Перейдем к оценке, которую Паскевич делает политике и администрации Ермолова. Как солдат, служивший под победоносными знаменами своего полководца, я принадлежу к числу почитателей военной репутации Паскевича, но далеко не поклонник его [1578] административной деятельности, и еще менее политической. Изучая прилежно военных писателей и покланяясь военному гению Наполеона І-го, он никогда не занимался гражданским и политическим строем общества. И там, где Ермолова трудно было поддеть на удочку, там легко было пустить туману в глаза Паскевичу. Военный Ермолов был добр и снисходителен, при требовании однакож строгой дисциплины; гнева его все боялись, который ограничивался только, за исключением редких случаев, едкою бранью. Гражданский Ермолов был требователен и разборчив в чиновниках и, по примеру Цицианова и Тормасова, строг к туземцам; он знал, сколько поделало вреда краю и государству бестолковое управление Гудовича и слабое Ртищева. Побудь Ермолов долее на Кавказе, много бы пало оригинальных, но не имеющих смысла декораций, украшающих парадные представления. Паскевичу же недоставало многого, как равно усидчивого труда, проницательности и той бережливой траты казенных денег, коею отличался Ермолов, доходивший нередко до скупости.

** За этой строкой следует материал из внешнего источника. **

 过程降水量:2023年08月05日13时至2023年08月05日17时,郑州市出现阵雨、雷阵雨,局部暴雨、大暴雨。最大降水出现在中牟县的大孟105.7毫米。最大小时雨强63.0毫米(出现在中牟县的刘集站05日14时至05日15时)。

Если при зорком управлении Ермолова и могли быть упущения и злоупотребления довольно значительные по гражданской части, как доносил Паскевич, и которых однакоже он и Дибич не нашли, то при нем они пошли в большей степени. Все факты того времени показывают, с каким подозрительным недоброжелательством смотрели высшие сановники на всю деятельность Ермолова и как желали оправдать все, что он осуждал или преследовал. [1579]

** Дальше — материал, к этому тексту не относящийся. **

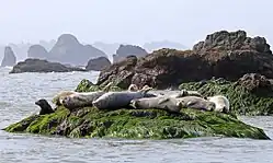 The California Coastal National Monument is located along the entire coastline of the U.S. state of California. This monument ensures the protection of all islets, reefs and rock outcroppings along the coast of California within 12 nautical miles (22 km) of shore along the entire 840-mile (1,350 km) long coastline. Conservative estimates are for at least 20,000 such outcroppings.[3] The monument was created by Bill Clinton via Presidential proclamation on January 11, 2000, with the authority in section two of the Antiquities Act of 1906. As of 2014, the monument has expanded to 2,272 acres (919 ha). The U.S. Bureau of Land Management, an agency of the U.S. Department of the Interior that manages the monument, has developed gateways in cooperation with other agencies along the California coast to introduce the monument to the public. These include the Trinidad, Point Arena, Fort Bragg-Mendocino, Pigeon Point Lighthouse, Piedras Blancas State Marine Reserve and Marine Conservation Area, and the Palos Verdes Peninsula.[4] Although being the most-viewed national monument in California, people are usually unaware that the entire coastline is a national monument.[4]

Так подполковн. Высоцкий и обер-провиантмейстер корпуса Семиков, судившиеся давно (один за лихоимство и грабежи при управлении Ширванским ханством, другой за казнокрадство до сотни тысяч при заготовлении провианта в Саратове для Кавказа) были немедленно освобождены Паскевичем из под ареста, и дела их брошены без последствий, а Высоцкий пользовался еще некоторым вниманием за доносы на Ермолова и получил в командование батальон. Полковник Реут не пошел бы в ход и не дослужился бы до генеральских чинов за плохие распоряжения в крепости Шуше, будучи частию виновен в гибели 3-х рот на отступлении из Герюс.

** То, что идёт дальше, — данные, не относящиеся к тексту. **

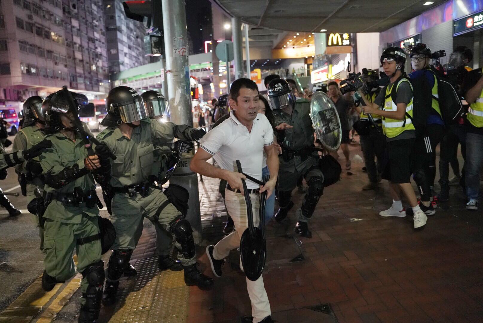 至於手持摺櫈男子,本台清楚拍攝到該人容貌,究竟他有沒有被捕,又是否獲護送離開,聲明並無提及。

А между тем знаменитый Ванька Каин, о коем даже Дибич отзывается неблагоприятно, сделался самым приближенным человеком Паскевича и главным переводчиком именно потому, что Ермолов хотел его несколько раз выслать за разные плутни на житье в Россию и удерживался только из снисхождения к близкому родству его с князем В. О. Бебутовым; тогда как честный знаток местных языков, переводчик Аббас-Кули, отдален на второй план. Также плохой репутации из Поляков, провиантский коммисионер Коробчевский (носивший в подражание выражения Азиатцев прозвище Карапчилы, т. е. вора), бывший при Ермолове в черном теле, сделан был походным обер-провиантмейстером и в сообществе с Ванькою Каином, при посредстве дежурного штаб-офицера, блажного и сметного В.....ого, нажил значительное [1580] богатство в продолжение Персидской и Турецкой кампаний под недремлющим надзором интенданта Жуковского, от которого так много ожидали Паскевич и Дибич, тогда как этот Жуковский, бывший интендантом во 2 армии, был удален от должности и попал под начет по исследованию адъютанта начальника штаба 2 армии Бурцова. Бурцов 2 бывало с усмешкой нам говорил: «Каково мне встречаться с Жуковским? Бывало он униженно заискивал у меня, а теперь он гордо на меня смотрит, когда я его прошу отпустить без проволочек деньги или вещи в полк».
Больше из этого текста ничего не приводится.